[[ SUPPLIED MATERIAL open ]]

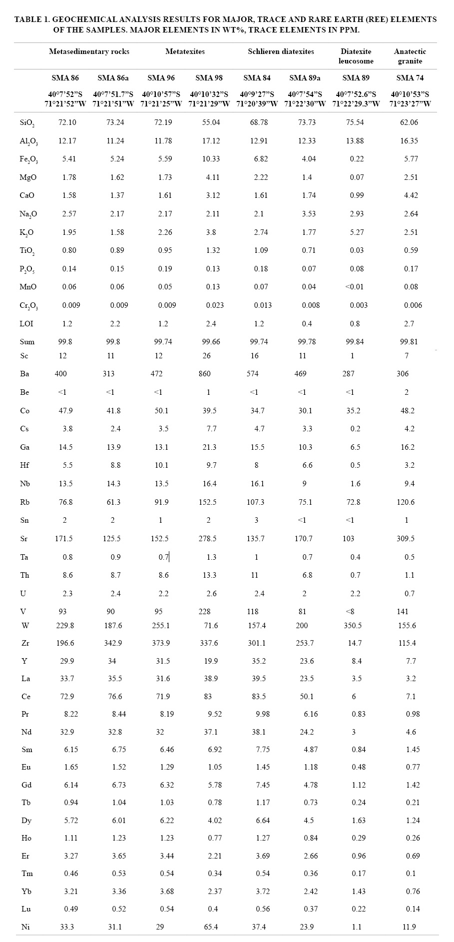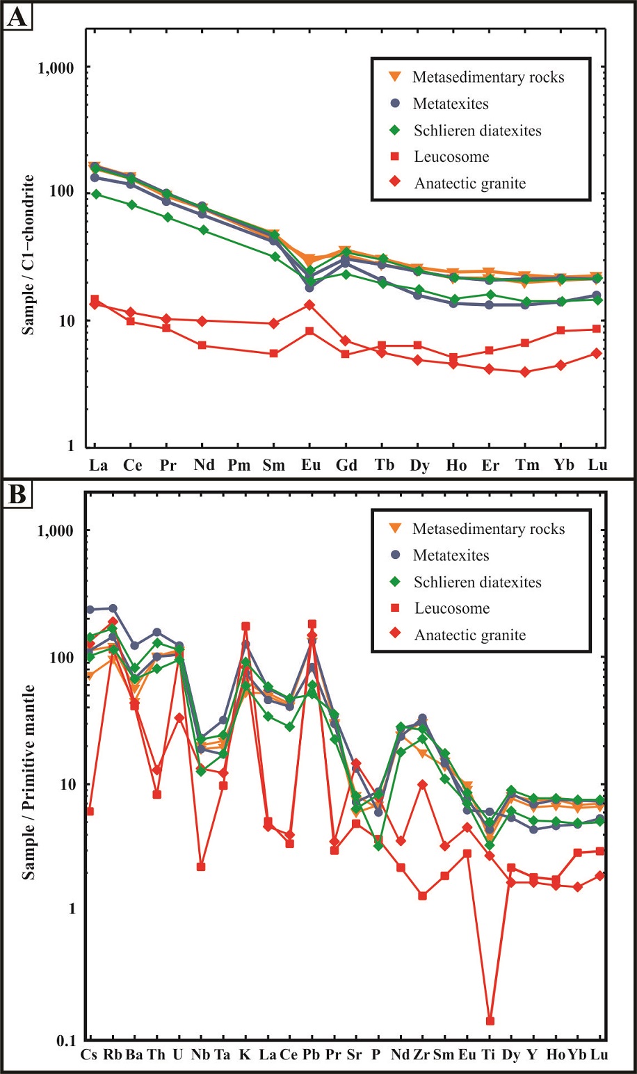 Two groups of samples can be distinguished according to their differences in chemical composition: one group includes metasedimentary rocks, metatexites and diatexites samples, and the other one includes the leucosome and anatectic granite. This last group shows significant differences regarding the first one, being the Sc depletion and the average total REE contents the most remarkable ones. Leucosome and anatectic granite have 8 times lower average REE contents than migmatites and metasedimentary rocks. Moreover, the analyzed leucosome is depleted in Ba and Sr and enriched in Rb, in contrast with the metasedimentary rocks, while the anatectic granite is depleted in Ba and enriched in Rb and Sr.
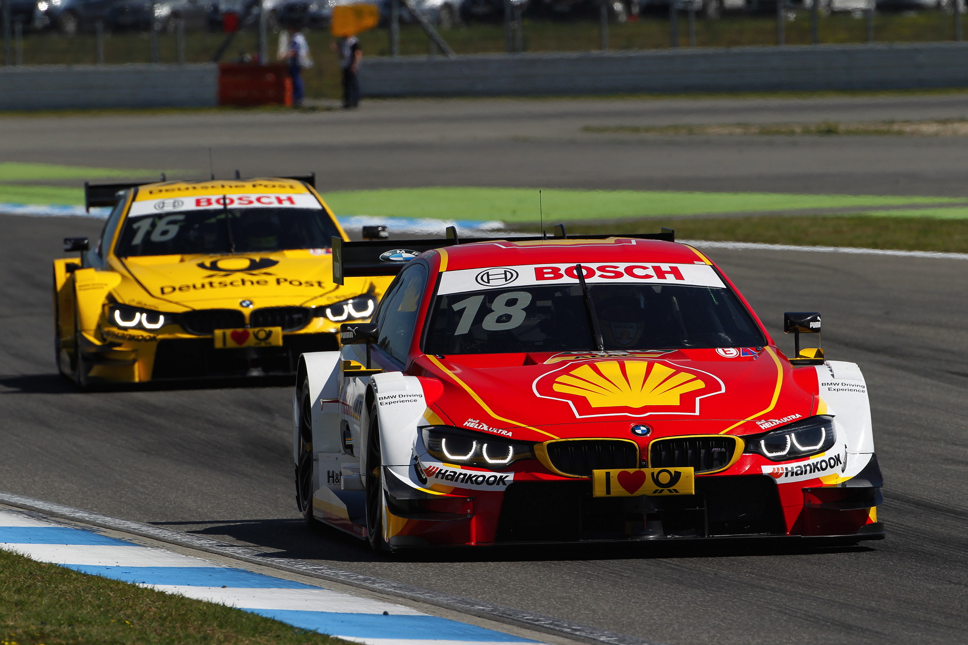 BMW Motorsport claimed its first podiums of the year in race two of the 2016 DTM season, which was the 50th race since BMW returned to the DTM in 2012. Starting from sixth place on the grid in the DEUTSCHE POST BMW M4 DTM, Timo Glock (DE) fought his way through to finish runner-up at the Hockenheimring (DE). Augusto Farfus (BR) was third in the Shell BMW M4 DTM, having started from the front row in second place. Victory went to Paul di Resta (GB, Mercedes).
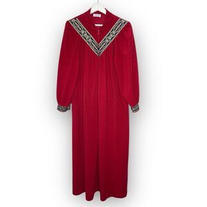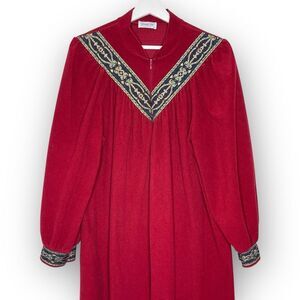Vintage Vanity Fair Robe Red Velour Zip Up Long Sleeve Women’s Size Medium
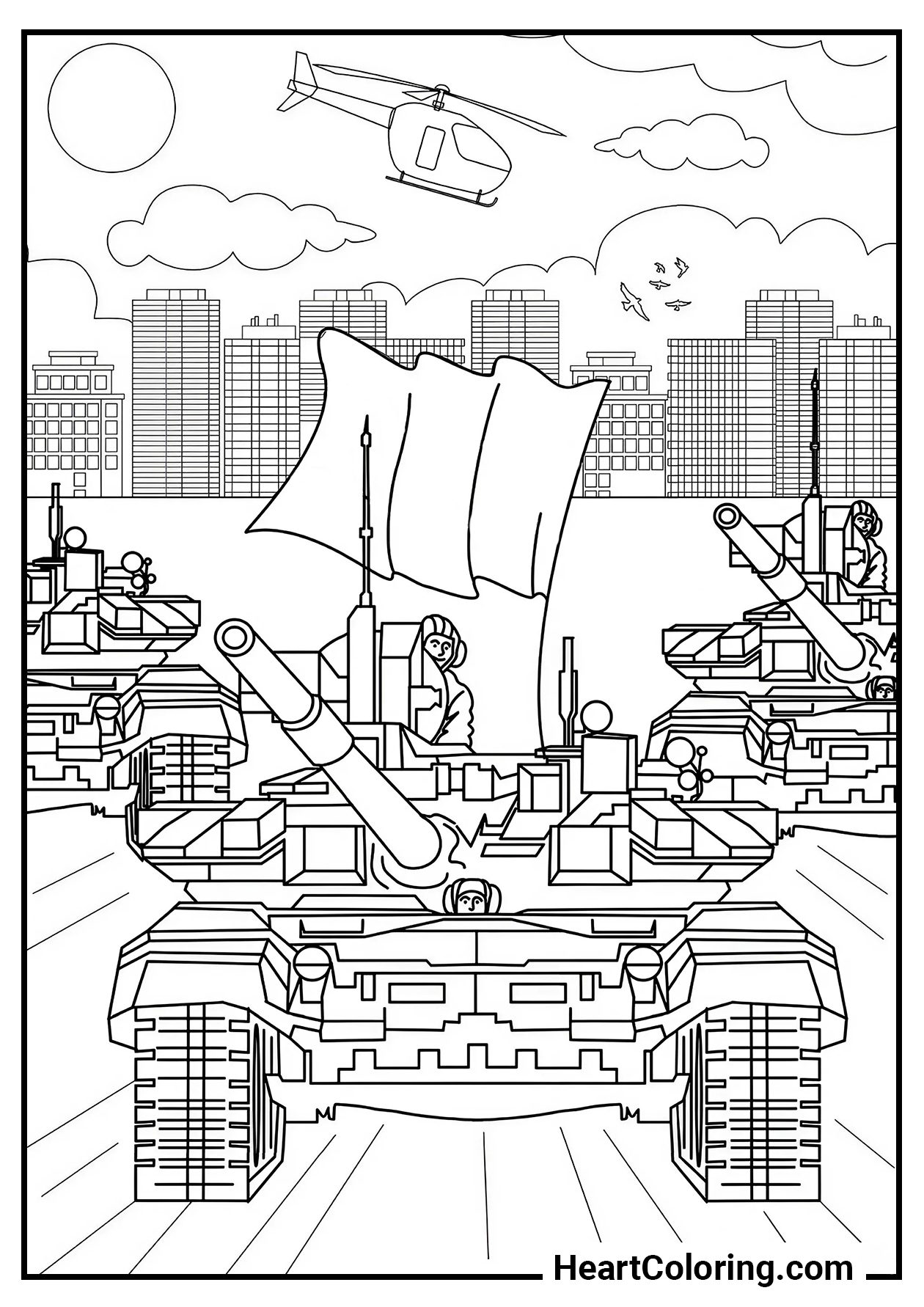 Como se sabe, a los niños les interesan más las páginas para colorear de vehículos militares. Sin embargo, nos esforzamos por desarrollar escenas únicas también para la parte femenina del público. La dificultad de colorear varía ampliamente, lo que permite seleccionar una imagen interesante para niños de cualquier edad.
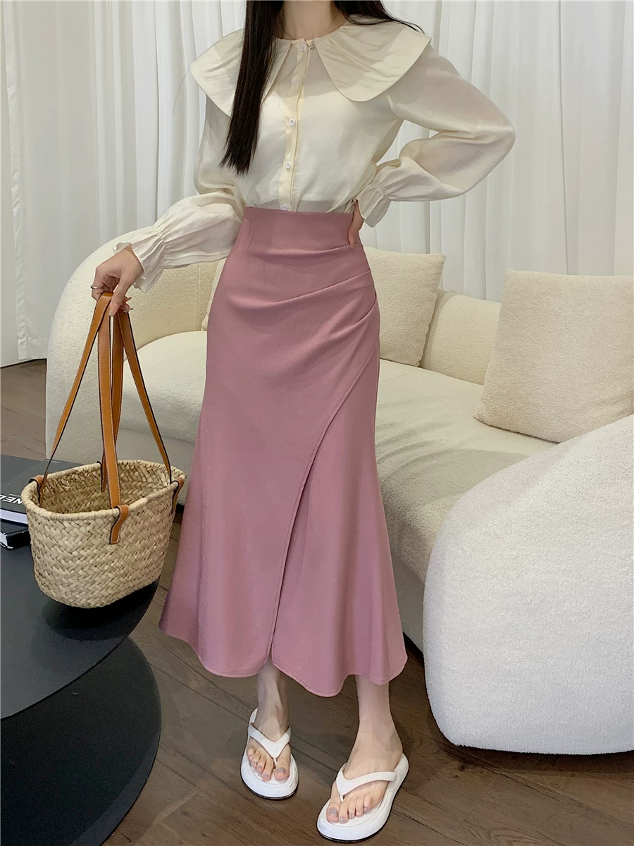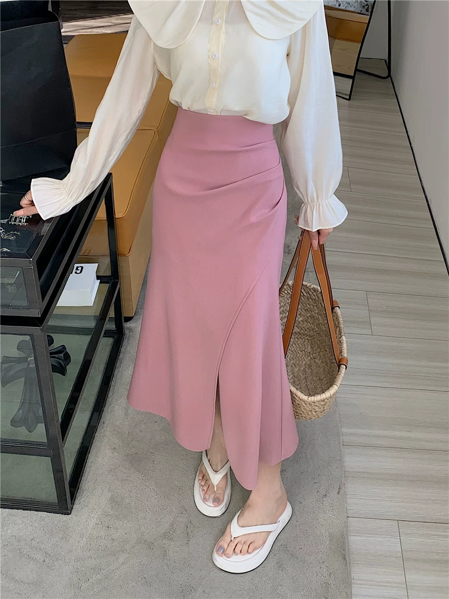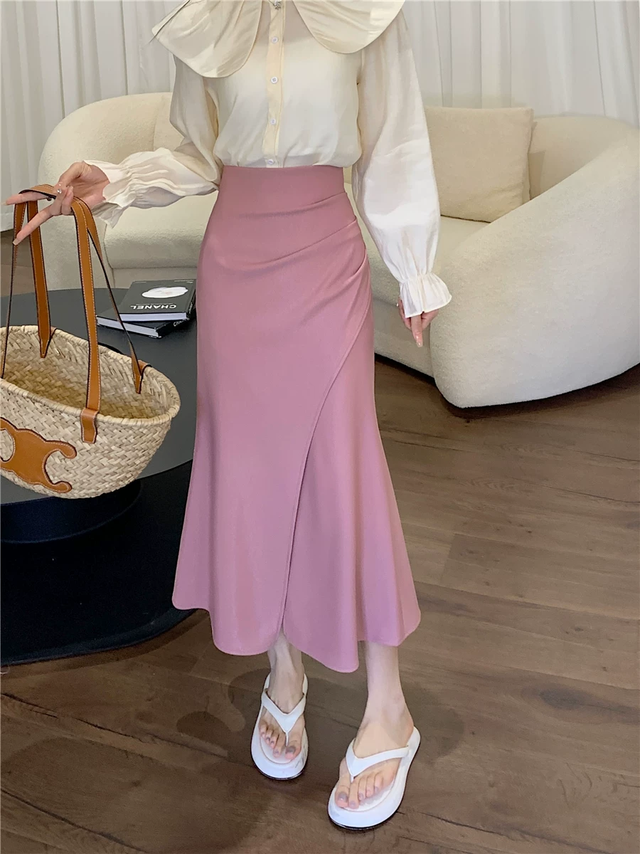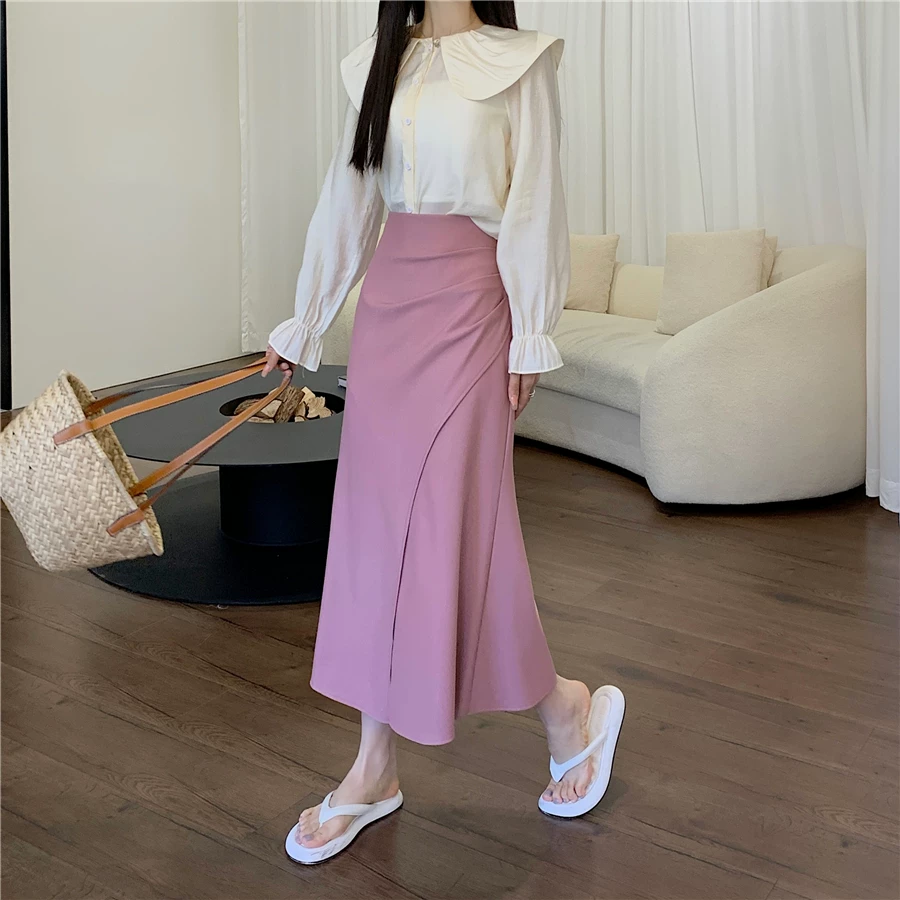 - Thích hợp cho người có thân hình hình quả lê, váy đuôi cá màu hồng cỡ lớn mùa hè, váy dài chữ A tôn dáng cho phụ nữ cỡ lớn che hông.
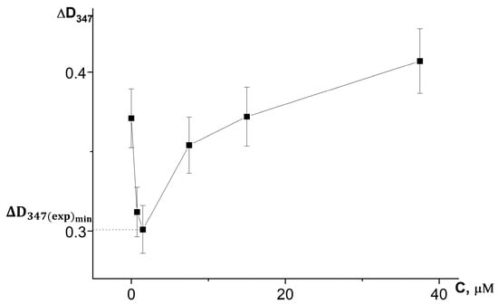 Dependence of the absorbance increase for the first 3 min at a wavelength of 347 nm (ΔD347) in the reaction of adrenaline autoxidation in an alkaline medium (pH = 10.65) on the concentration of chlorogenic acid. ΔD347(exp)min is an increase in the absorbance for the first 3 min at a wavelength of 347 nm in the presence of chlorogenic acid in concentration corresponding to its maximum inhibitory efficiency. All the ΔD347 values were calculated as the difference between the changes in absorbance over the first 3 min of the reaction in experiments carried out in the presence of adrenaline and in its absence (replacing adrenaline with an equal volume of distilled water).
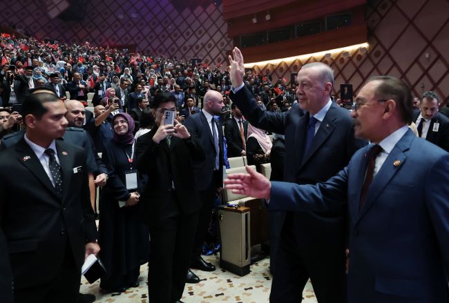 Cumhurbaşkanı Erdoğan, Malezya ile Türkiye arasındaki ilişkileri, 2014 yılında stratejik ortaklık seviyesine, 2022 yılında da kapsamlı stratejik ortaklık düzeyine yükselttiklerini söyledi. Malezya’nın 35 milyona yaklaşan nüfusu, dinamik ekonomisi ve yetişmiş insan kaynağıyla bölgesindeki öncü ülkelerin en başında geldiğini bildiren Erdoğan, “Halklarımız arasındaki köklü ve yakın ilişkilere yakışır şekilde iş birliğimizi somut adımlarla tahkim etmeye başladık. Münasebetlerimizi teknolojik iş birliği ve ortak üretim vizyonuyla özellikle bu tür bir yaklaşımla geliştirmeyi hedefliyoruz. Bu vizyonumuzun meyvelerini toplama aşamasına geldik. TUSAŞ Malezya yüzden fazla Malezyalı genç mühendise çalışma imkanı sunan etkin bir tesis haline dönüştü. Savunma sanayi firmalarımızın iş birliği ile ikinci parti kıyı görev gemileri inşa edilmeye başlandı. ANKA İHA'lar konusunda önemli iş birliğimiz var. Ticaret hacminde ortaya koyduğumuz hedeflere uygun olarak 2024 yılında 5 milyar doları aştık. Ticareti dengeli şekilde 10 milyar dolara çıkarmayı hedefliyoruz” ifadelerine yer verdi.

[[ SUPPLIED MATERIAL closed ]]

Set down every record exactly, without the pictures.

 Two groups of samples can be distinguished according to their differences in chemical composition: one group includes metasedimentary rocks, metatexites and diatexites samples, and the other one includes the leucosome and anatectic granite. This last group shows significant differences regarding the first one, being the Sc depletion and the average total REE contents the most remarkable ones. Leucosome and anatectic granite have 8 times lower average REE contents than migmatites and metasedimentary rocks. Moreover, the analyzed leucosome is depleted in Ba and Sr and enriched in Rb, in contrast with the metasedimentary rocks, while the anatectic granite is depleted in Ba and enriched in Rb and Sr.
 BMW Motorsport claimed its first podiums of the year in race two of the 2016 DTM season, which was the 50th race since BMW returned to the DTM in 2012. Starting from sixth place on the grid in the DEUTSCHE POST BMW M4 DTM, Timo Glock (DE) fought his way through to finish runner-up at the Hockenheimring (DE). Augusto Farfus (BR) was third in the Shell BMW M4 DTM, having started from the front row in second place. Victory went to Paul di Resta (GB, Mercedes).
Vintage Vanity Fair Robe Red Velour Zip Up Long Sleeve Women’s Size Medium
 Como se sabe, a los niños les interesan más las páginas para colorear de vehículos militares. Sin embargo, nos esforzamos por desarrollar escenas únicas también para la parte femenina del público. La dificultad de colorear varía ampliamente, lo que permite seleccionar una imagen interesante para niños de cualquier edad.
 - Thích hợp cho người có thân hình hình quả lê, váy đuôi cá màu hồng cỡ lớn mùa hè, váy dài chữ A tôn dáng cho phụ nữ cỡ lớn che hông.
 Dependence of the absorbance increase for the first 3 min at a wavelength of 347 nm (ΔD347) in the reaction of adrenaline autoxidation in an alkaline medium (pH = 10.65) on the concentration of chlorogenic acid. ΔD347(exp)min is an increase in the absorbance for the first 3 min at a wavelength of 347 nm in the presence of chlorogenic acid in concentration corresponding to its maximum inhibitory efficiency. All the ΔD347 values were calculated as the difference between the changes in absorbance over the first 3 min of the reaction in experiments carried out in the presence of adrenaline and in its absence (replacing adrenaline with an equal volume of distilled water).
 Cumhurbaşkanı Erdoğan, Malezya ile Türkiye arasındaki ilişkileri, 2014 yılında stratejik ortaklık seviyesine, 2022 yılında da kapsamlı stratejik ortaklık düzeyine yükselttiklerini söyledi. Malezya’nın 35 milyona yaklaşan nüfusu, dinamik ekonomisi ve yetişmiş insan kaynağıyla bölgesindeki öncü ülkelerin en başında geldiğini bildiren Erdoğan, “Halklarımız arasındaki köklü ve yakın ilişkilere yakışır şekilde iş birliğimizi somut adımlarla tahkim etmeye başladık. Münasebetlerimizi teknolojik iş birliği ve ortak üretim vizyonuyla özellikle bu tür bir yaklaşımla geliştirmeyi hedefliyoruz. Bu vizyonumuzun meyvelerini toplama aşamasına geldik. TUSAŞ Malezya yüzden fazla Malezyalı genç mühendise çalışma imkanı sunan etkin bir tesis haline dönüştü. Savunma sanayi firmalarımızın iş birliği ile ikinci parti kıyı görev gemileri inşa edilmeye başlandı. ANKA İHA'lar konusunda önemli iş birliğimiz var. Ticaret hacminde ortaya koyduğumuz hedeflere uygun olarak 2024 yılında 5 milyar doları aştık. Ticareti dengeli şekilde 10 milyar dolara çıkarmayı hedefliyoruz” ifadelerine yer verdi.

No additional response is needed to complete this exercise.